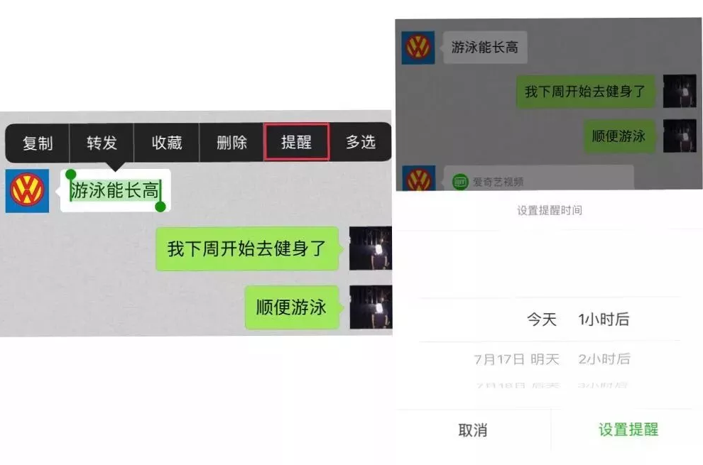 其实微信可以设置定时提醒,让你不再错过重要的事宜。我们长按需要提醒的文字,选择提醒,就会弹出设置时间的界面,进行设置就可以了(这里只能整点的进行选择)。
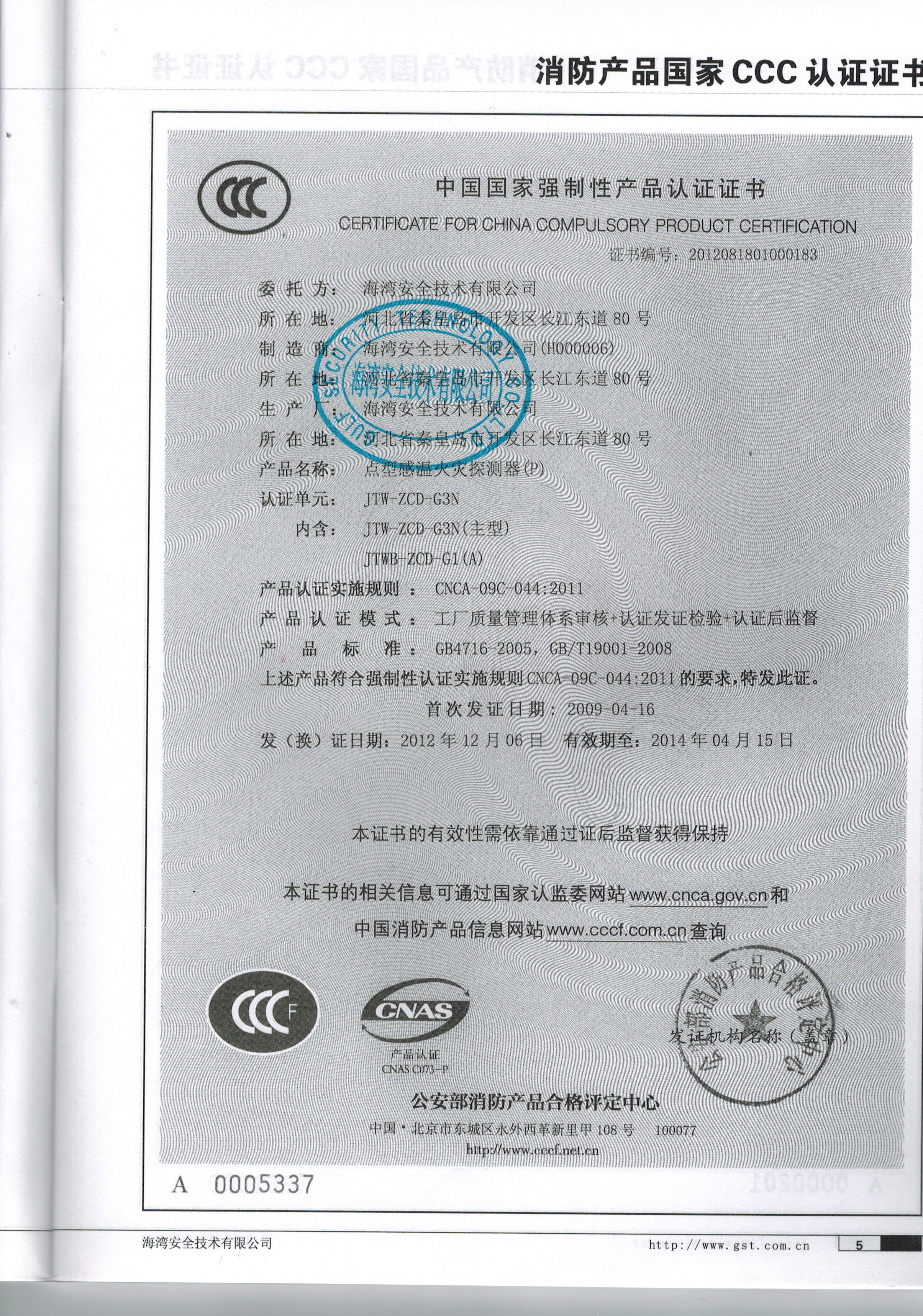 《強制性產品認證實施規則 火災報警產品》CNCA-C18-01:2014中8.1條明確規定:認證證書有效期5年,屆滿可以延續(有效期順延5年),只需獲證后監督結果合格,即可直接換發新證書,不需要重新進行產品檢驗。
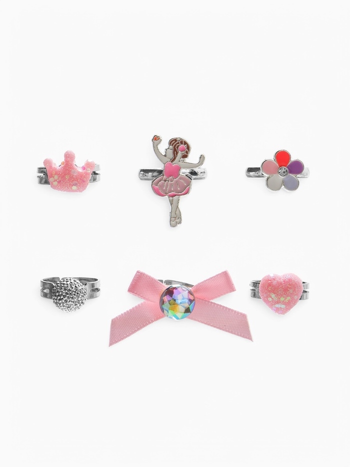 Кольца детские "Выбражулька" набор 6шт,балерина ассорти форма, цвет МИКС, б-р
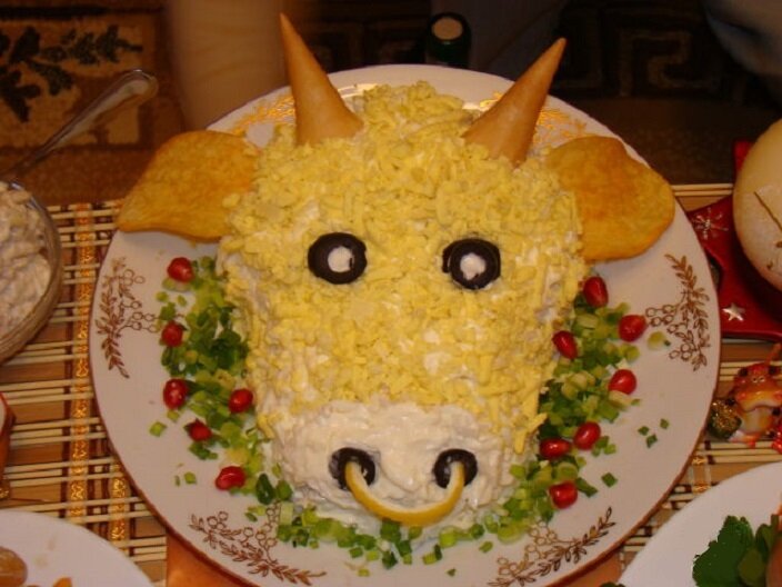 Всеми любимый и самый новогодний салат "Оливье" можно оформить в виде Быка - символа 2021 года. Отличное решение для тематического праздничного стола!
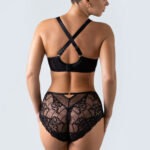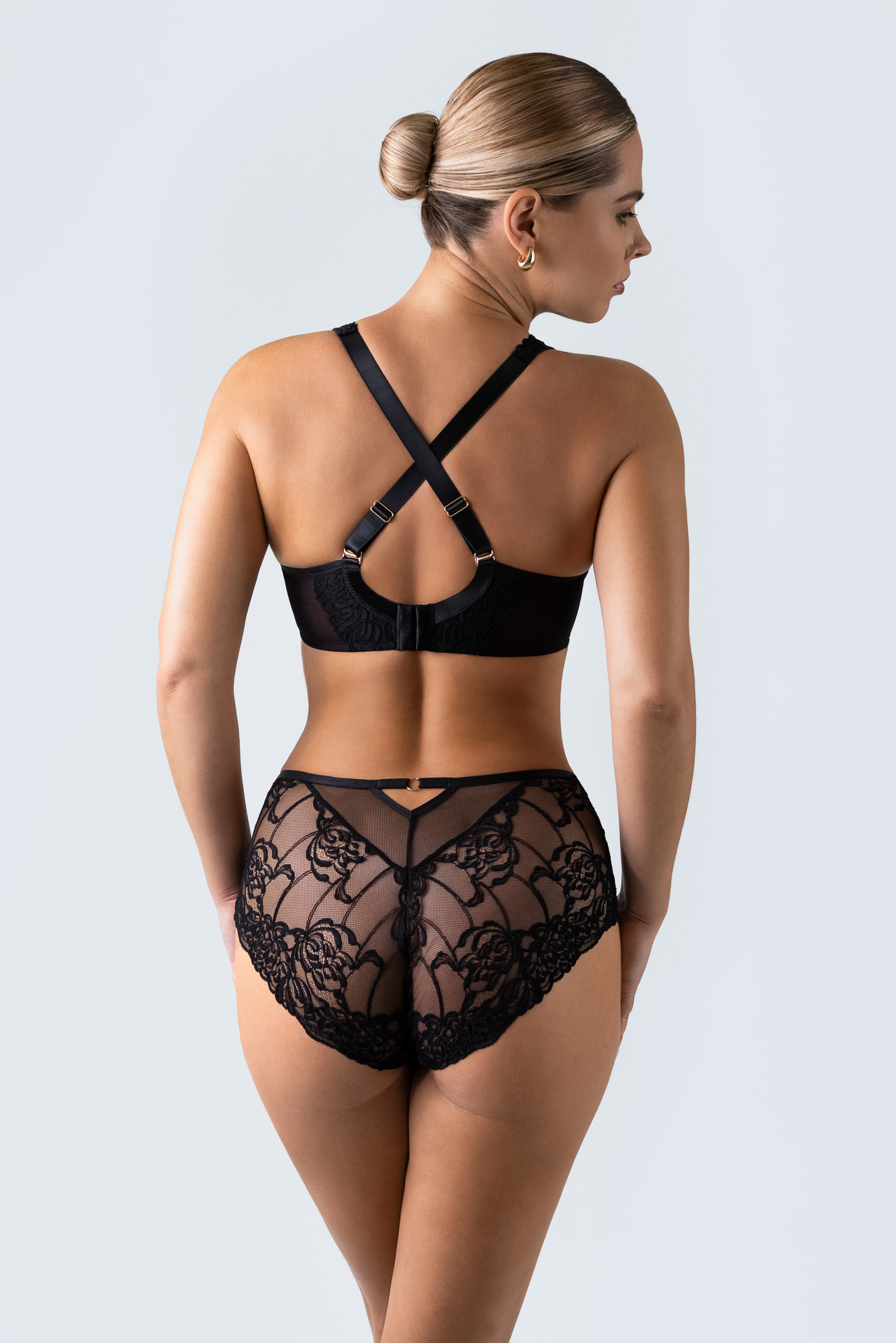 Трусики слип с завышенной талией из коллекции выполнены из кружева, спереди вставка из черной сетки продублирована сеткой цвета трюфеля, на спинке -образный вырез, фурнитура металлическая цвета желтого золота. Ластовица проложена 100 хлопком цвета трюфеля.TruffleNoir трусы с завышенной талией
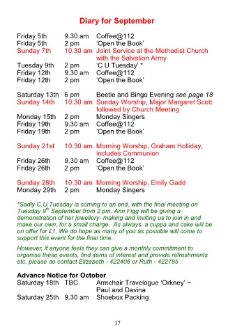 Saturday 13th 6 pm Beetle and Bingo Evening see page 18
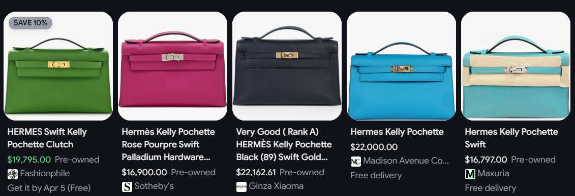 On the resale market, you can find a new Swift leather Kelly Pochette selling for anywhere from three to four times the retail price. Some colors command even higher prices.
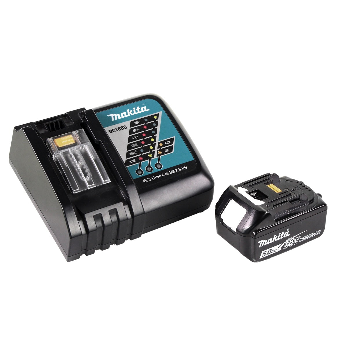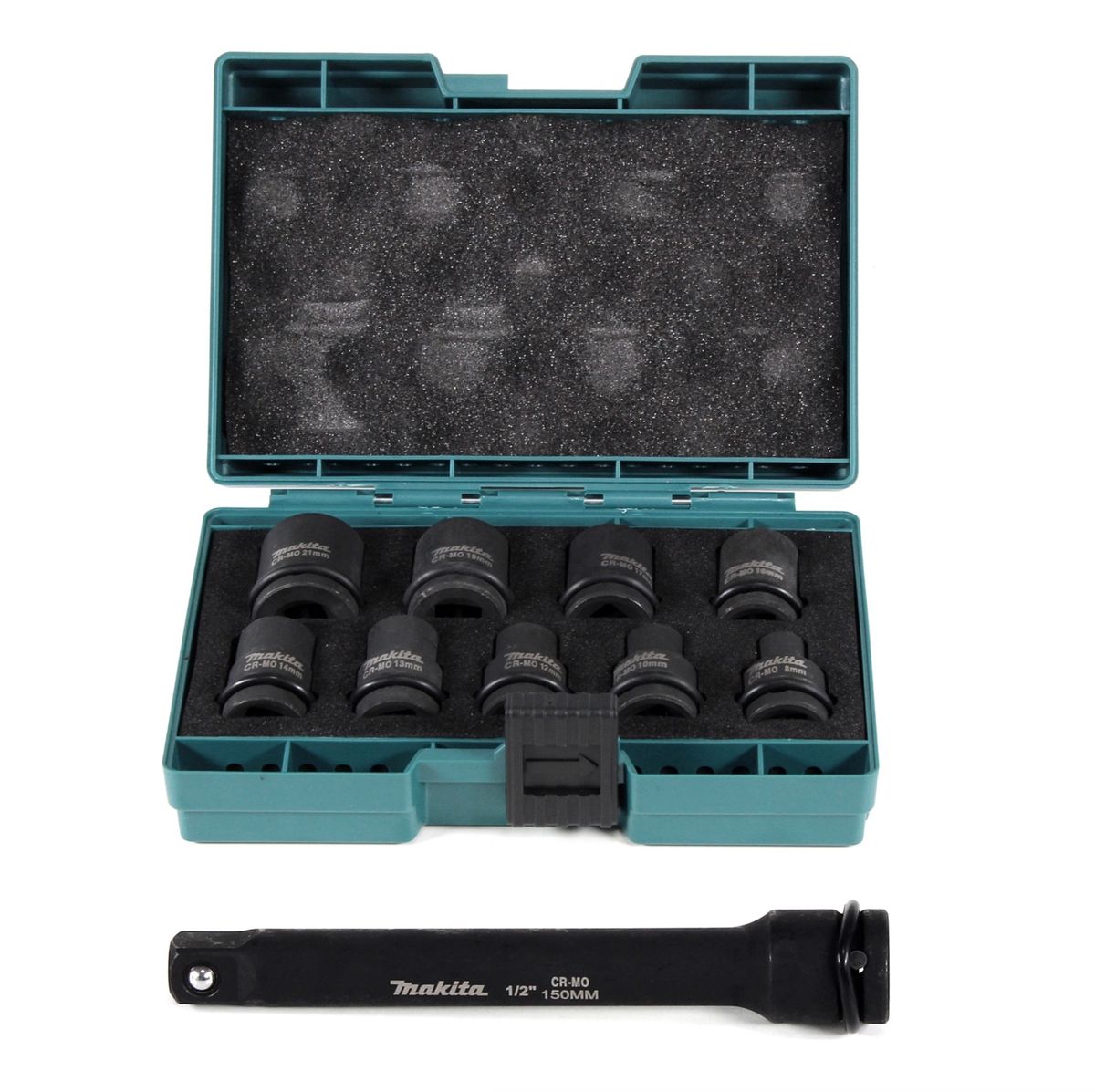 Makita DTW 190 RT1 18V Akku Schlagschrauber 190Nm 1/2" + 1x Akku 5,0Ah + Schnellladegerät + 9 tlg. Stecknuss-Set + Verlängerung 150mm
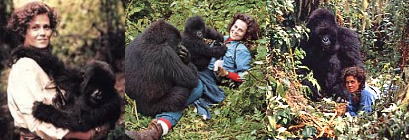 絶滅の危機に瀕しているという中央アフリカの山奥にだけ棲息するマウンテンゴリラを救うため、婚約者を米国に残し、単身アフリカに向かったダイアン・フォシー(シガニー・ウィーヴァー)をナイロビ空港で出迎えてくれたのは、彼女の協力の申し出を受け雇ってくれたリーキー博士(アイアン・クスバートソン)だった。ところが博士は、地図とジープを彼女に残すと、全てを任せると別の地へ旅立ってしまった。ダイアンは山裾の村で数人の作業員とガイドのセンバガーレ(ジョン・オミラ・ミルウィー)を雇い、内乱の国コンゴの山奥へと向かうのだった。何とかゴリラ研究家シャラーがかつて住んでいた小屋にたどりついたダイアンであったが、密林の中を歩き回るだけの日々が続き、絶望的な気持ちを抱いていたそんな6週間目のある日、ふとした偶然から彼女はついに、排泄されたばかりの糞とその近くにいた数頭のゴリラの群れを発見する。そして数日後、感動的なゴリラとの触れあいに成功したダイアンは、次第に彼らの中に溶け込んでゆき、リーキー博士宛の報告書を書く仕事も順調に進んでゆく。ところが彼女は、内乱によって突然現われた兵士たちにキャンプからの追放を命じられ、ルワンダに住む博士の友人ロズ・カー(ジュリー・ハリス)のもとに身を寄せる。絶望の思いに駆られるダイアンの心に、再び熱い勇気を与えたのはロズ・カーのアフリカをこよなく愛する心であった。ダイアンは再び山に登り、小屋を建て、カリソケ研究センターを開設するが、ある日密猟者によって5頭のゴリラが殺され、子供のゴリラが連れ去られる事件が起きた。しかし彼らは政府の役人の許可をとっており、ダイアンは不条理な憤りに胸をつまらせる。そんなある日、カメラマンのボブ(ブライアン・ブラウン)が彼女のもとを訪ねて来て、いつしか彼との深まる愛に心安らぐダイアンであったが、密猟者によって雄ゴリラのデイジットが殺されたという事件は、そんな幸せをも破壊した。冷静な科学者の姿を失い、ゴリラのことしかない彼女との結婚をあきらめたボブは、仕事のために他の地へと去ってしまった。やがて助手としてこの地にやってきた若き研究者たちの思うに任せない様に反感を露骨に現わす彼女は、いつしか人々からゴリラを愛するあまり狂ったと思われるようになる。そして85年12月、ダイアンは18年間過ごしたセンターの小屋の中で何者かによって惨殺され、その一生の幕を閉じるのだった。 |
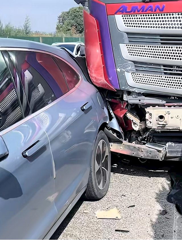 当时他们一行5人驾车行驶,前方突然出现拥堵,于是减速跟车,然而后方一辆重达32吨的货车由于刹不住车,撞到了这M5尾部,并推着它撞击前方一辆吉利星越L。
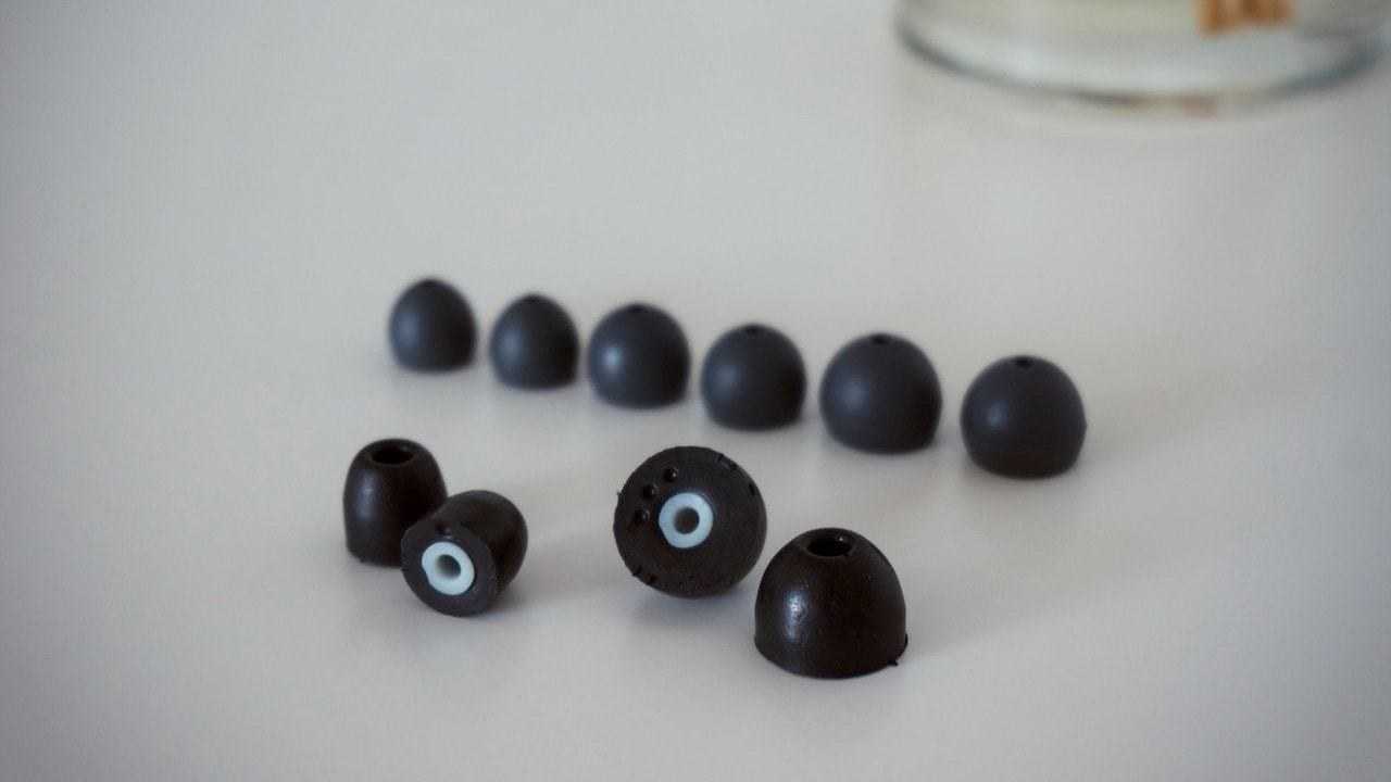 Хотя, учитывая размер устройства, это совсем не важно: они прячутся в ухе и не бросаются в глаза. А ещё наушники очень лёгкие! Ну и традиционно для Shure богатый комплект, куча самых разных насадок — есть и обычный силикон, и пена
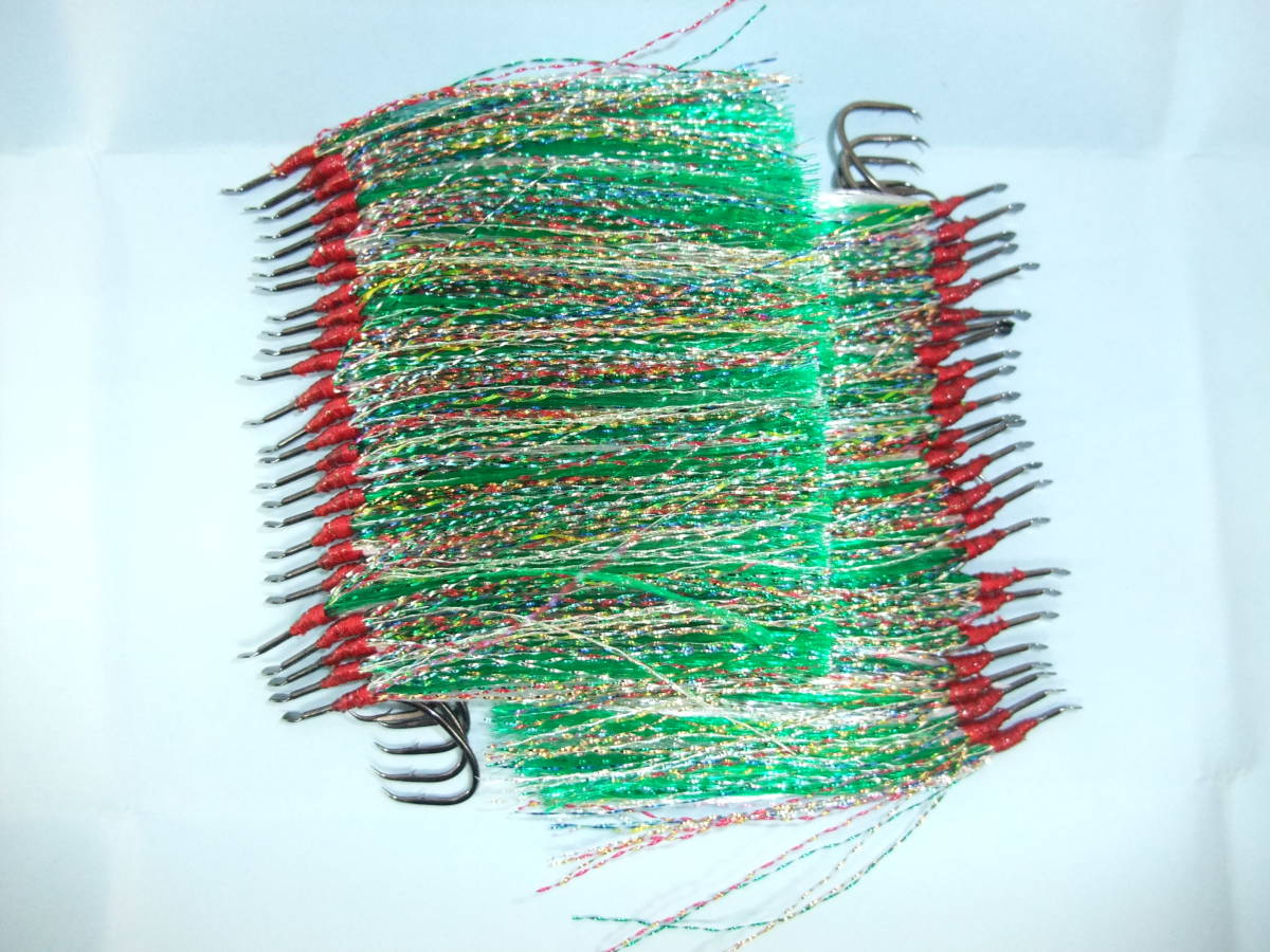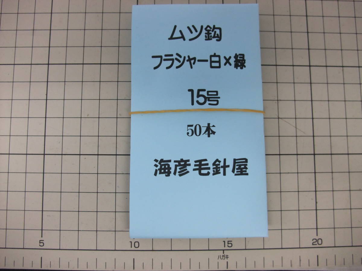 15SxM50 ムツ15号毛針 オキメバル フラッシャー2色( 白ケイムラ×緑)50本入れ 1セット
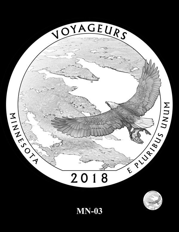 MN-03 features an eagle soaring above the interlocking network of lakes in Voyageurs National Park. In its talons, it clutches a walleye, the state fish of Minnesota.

### Problem statement
Excluding the images, return each record above precisely as written.

### Written solution
 其实微信可以设置定时提醒,让你不再错过重要的事宜。我们长按需要提醒的文字,选择提醒,就会弹出设置时间的界面,进行设置就可以了(这里只能整点的进行选择)。
 《強制性產品認證實施規則 火災報警產品》CNCA-C18-01:2014中8.1條明確規定:認證證書有效期5年,屆滿可以延續(有效期順延5年),只需獲證后監督結果合格,即可直接換發新證書,不需要重新進行產品檢驗。
 Кольца детские "Выбражулька" набор 6шт,балерина ассорти форма, цвет МИКС, б-р
 Всеми любимый и самый новогодний салат "Оливье" можно оформить в виде Быка - символа 2021 года. Отличное решение для тематического праздничного стола!
 Трусики слип с завышенной талией из коллекции выполнены из кружева, спереди вставка из черной сетки продублирована сеткой цвета трюфеля, на спинке -образный вырез, фурнитура металлическая цвета желтого золота. Ластовица проложена 100 хлопком цвета трюфеля.TruffleNoir трусы с завышенной талией
 Saturday 13th 6 pm Beetle and Bingo Evening see page 18
 On the resale market, you can find a new Swift leather Kelly Pochette selling for anywhere from three to four times the retail price. Some colors command even higher prices.
 Makita DTW 190 RT1 18V Akku Schlagschrauber 190Nm 1/2" + 1x Akku 5,0Ah + Schnellladegerät + 9 tlg. Stecknuss-Set + Verlängerung 150mm
 絶滅の危機に瀕しているという中央アフリカの山奥にだけ棲息するマウンテンゴリラを救うため、婚約者を米国に残し、単身アフリカに向かったダイアン・フォシー(シガニー・ウィーヴァー)をナイロビ空港で出迎えてくれたのは、彼女の協力の申し出を受け雇ってくれたリーキー博士(アイアン・クスバートソン)だった。ところが博士は、地図とジープを彼女に残すと、全てを任せると別の地へ旅立ってしまった。ダイアンは山裾の村で数人の作業員とガイドのセンバガーレ(ジョン・オミラ・ミルウィー)を雇い、内乱の国コンゴの山奥へと向かうのだった。何とかゴリラ研究家シャラーがかつて住んでいた小屋にたどりついたダイアンであったが、密林の中を歩き回るだけの日々が続き、絶望的な気持ちを抱いていたそんな6週間目のある日、ふとした偶然から彼女はついに、排泄されたばかりの糞とその近くにいた数頭のゴリラの群れを発見する。そして数日後、感動的なゴリラとの触れあいに成功したダイアンは、次第に彼らの中に溶け込んでゆき、リーキー博士宛の報告書を書く仕事も順調に進んでゆく。ところが彼女は、内乱によって突然現われた兵士たちにキャンプからの追放を命じられ、ルワンダに住む博士の友人ロズ・カー(ジュリー・ハリス)のもとに身を寄せる。絶望の思いに駆られるダイアンの心に、再び熱い勇気を与えたのはロズ・カーのアフリカをこよなく愛する心であった。ダイアンは再び山に登り、小屋を建て、カリソケ研究センターを開設するが、ある日密猟者によって5頭のゴリラが殺され、子供のゴリラが連れ去られる事件が起きた。しかし彼らは政府の役人の許可をとっており、ダイアンは不条理な憤りに胸をつまらせる。そんなある日、カメラマンのボブ(ブライアン・ブラウン)が彼女のもとを訪ねて来て、いつしか彼との深まる愛に心安らぐダイアンであったが、密猟者によって雄ゴリラのデイジットが殺されたという事件は、そんな幸せをも破壊した。冷静な科学者の姿を失い、ゴリラのことしかない彼女との結婚をあきらめたボブは、仕事のために他の地へと去ってしまった。やがて助手としてこの地にやってきた若き研究者たちの思うに任せない様に反感を露骨に現わす彼女は、いつしか人々からゴリラを愛するあまり狂ったと思われるようになる。そして85年12月、ダイアンは18年間過ごしたセンターの小屋の中で何者かによって惨殺され、その一生の幕を閉じるのだった。 |
 当时他们一行5人驾车行驶,前方突然出现拥堵,于是减速跟车,然而后方一辆重达32吨的货车由于刹不住车,撞到了这M5尾部,并推着它撞击前方一辆吉利星越L。
 Хотя, учитывая размер устройства, это совсем не важно: они прячутся в ухе и не бросаются в глаза. А ещё наушники очень лёгкие! Ну и традиционно для Shure богатый комплект, куча самых разных насадок — есть и обычный силикон, и пена
 15SxM50 ムツ15号毛針 オキメバル フラッシャー2色( 白ケイムラ×緑)50本入れ 1セット
 MN-03 features an eagle soaring above the interlocking network of lakes in Voyageurs National Park. In its talons, it clutches a walleye, the state fish of Minnesota.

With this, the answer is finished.